Davalılar vekili cevap dilekçesinde özetle; noter onaylı tercümeleri mevcut ise de dava konusu belgelerin içeriği, neden kaynaklandığı, ne kadar olması gerektiği ve protokolde belirtilen sorumluluk kapsamında değerlendirilip değerlendirilemeyeceği belli olmadığından işbu belgelerin hiçbirini kabul etmediklerini, bu hususta … hukuku ve vergi mevzuatına hakim bir bilirkişiden rapor alınması gerektiğini, bahsi geçen belgelerin tahakkuk belgeleri olduğunu, bunların ödenip ödenmediğinin belli olmadığını, ödenmiş ise ödeme belgelerinin ibrazı zorunlu olup aksi takdirde müvekkillerinden talebinin mümkün olmadığını, söz konusu tahakkuk belgelerinin var ise ödeme belgelerinin İtalya ilgili makamlarından celbi gerektiğini, protokolün imza tarihinden sonra müvekilleri tarafından 6.897,78 Euro ve 9.510,66 Euro olmak üzere toplam 16.408,44 Euro ödeme yapıldığını, bu bedelin dava konusu edilen alacaklardan mahsup edilip edilmediğinin belli olmadığını, Protokolün 3.1.5 maddesinin 1. Ve 3. paragrafı uyarınca talep edilen bedellerin KDV mahsup alacağı kapsamındaki 21.000 Euroluk miktardan mahsup edilip edilmediğinin belli olmadığını, aradan geçen uzun zaman nedeniyle bu alacakların gerek Türkiye gerekse İtalya’da zamanaşımına uğradığı açık olup zamanaşımına itiraz ettiklerini, huzurdaki davanın reddini ve yargılama masrafları ile ücreti vekaletin karşı taraf üzerinde bırakılmasına karar verilmesini savunmuştur.

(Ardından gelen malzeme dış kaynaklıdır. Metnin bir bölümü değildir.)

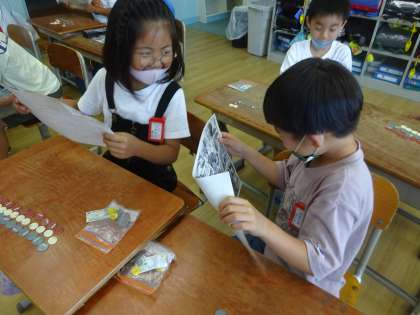 算数科「100をこえる数」で学習したことをもとに、上手にお買い物ができる「おかいものマスター」を目指しています。今日はそのレベル1「品物の値段ぴったりの硬貨を支払おう」に挑戦しました。実際のスーパーのチラシを見ながらお金を操作して、ペアで買い物ごっこをしました。次回はレベル2に挑戦です。
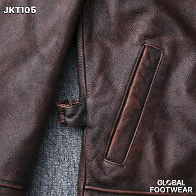 Ameikaji vintage first layer pure cowhide leather men's jacket
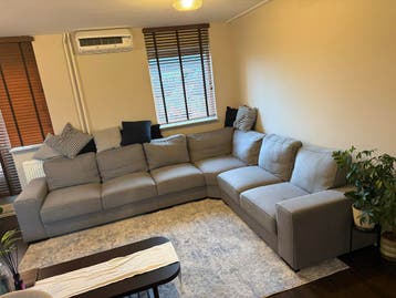Gratis af te halen: ruime hoekbank (280x350 cm). De bank heeft hier en daar lichte gebruikerssporen, maar is recent professioneel gereinigd en ziet er daardoor weer fris uit. Ideaal voor wie op zoek i

Taraflara usulüne uygun davetiye tebliğ edildiği görüldü.
… 3. İcra Müdürlüğünün …Esas sayılı dosyası mahkememiz dosyasına celp edilmiştir.

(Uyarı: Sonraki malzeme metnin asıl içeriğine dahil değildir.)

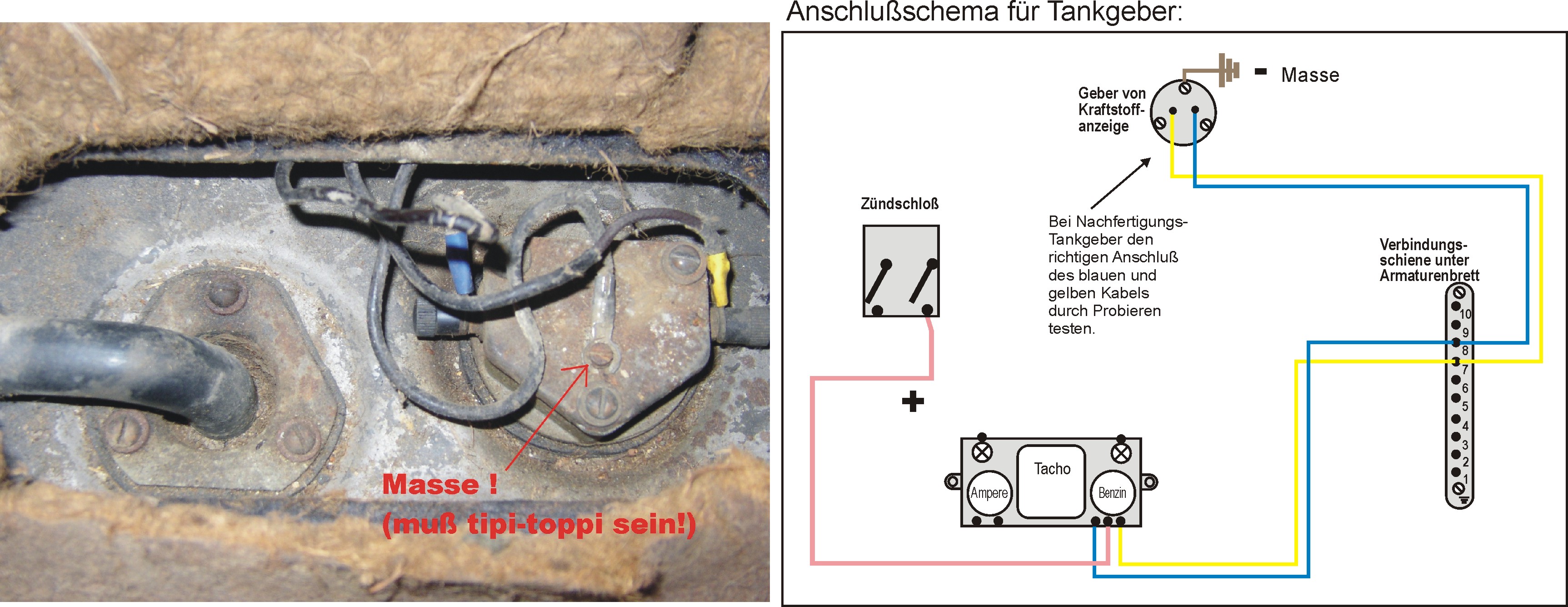 bin seit kurzem auch stolzer besitzer eines 11bl. Ich habe probleme beim elektrischem anschluß des gebers. dort kommen 3 kabel (blau, gelb,schwarz) an. Die Uhr zeigt immer nur bis zur mitte egal wie ich es anschließe. wenn ich strom direkt auf die uhr gebe geht der zeiger auf voll oder leer.

Davacılar vekili 29.09.2022 tarihli dilekçe ile .”.. Bilirkişi tarafından dava konusu alacak talebi hakkında; dava tarihinden önce … Vergi İdaresine ödeme yapıldığına dair bir belge olmadığı, belgelerinin olmaması nedeniyle bu aşamada davacıların davalılardan herhangi bir talepte bulunamayacağı görüşü belirtilmiştir. Davalılardan talep edilen alacak devir tarihi öncesine ait olan ve devir alınan müvekkil firma adına … makamlarınca tahakkuk ettirilmiş olan ve ödenmesi talep edilen kamu borçlarıdır. Şirket devir sözleşmesine göre belirtilen kamu borçlarının tamamının devredenlerin sorumluluğunda olduğu muhakkaktır.

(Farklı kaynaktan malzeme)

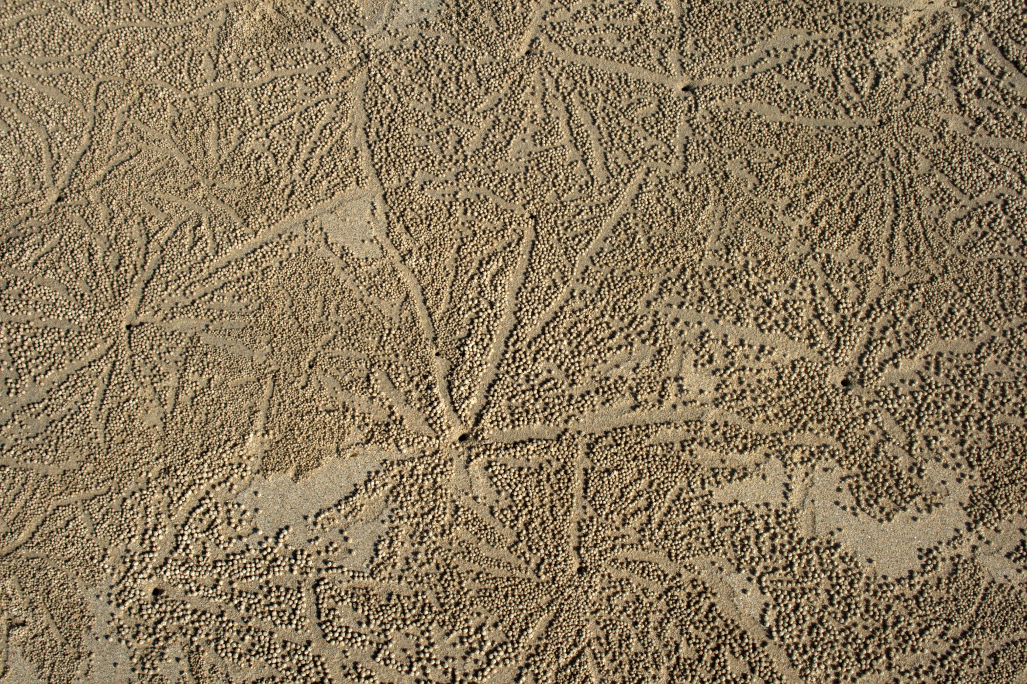 • Ornamenty z pískových kuliček, které na pláži vytvářejí krabi rodu Scopimera.

Devir öncesinden kalan kamu borçlarının talep edilebilmesi için müvekkil tarafından … Hazinesi ödenmiş olması şart değildir. Davalılar hisse devir sözleşmesi gereği taahhütlerini yerine getirmemişlerdir. Sözleşmenin 3.1.3. Maddesi aşağıdaki şekildedir;
“Hisse devrinden önceki dönemlere ait … Maliye Bakanlığından (Agenzi delle Entrate) gelebilecek ve halihazırda belirlenemeyen, tespit edilemeyen vergilere ilişkin talepler Sosyal Güvenlik Kurumu INPS’ten gelebilecek talepler, İş Kazaları Kurumu INAIL’den gelebilecek halen belirlenemeyen, tespit edilemeyen talepler olursa bu taleplerin Muhatabı Devredenler olacaktır. Ayrıca Hisse devrinden önceki döneme ait her türlü vergi, sigorta, resmi/özel kurum ve kuruluşlara olan her türlü borçları, işçi alacaklarından kaynaklanan alacaklardan dolayı … herhangi bir ödeme yaparsa Devredenler, önceki dönemlere ait olan tüm borç ve ödemelerden Devralanlar ve …’ye karşı müştereken ve müteselsilen sorumludurlar.”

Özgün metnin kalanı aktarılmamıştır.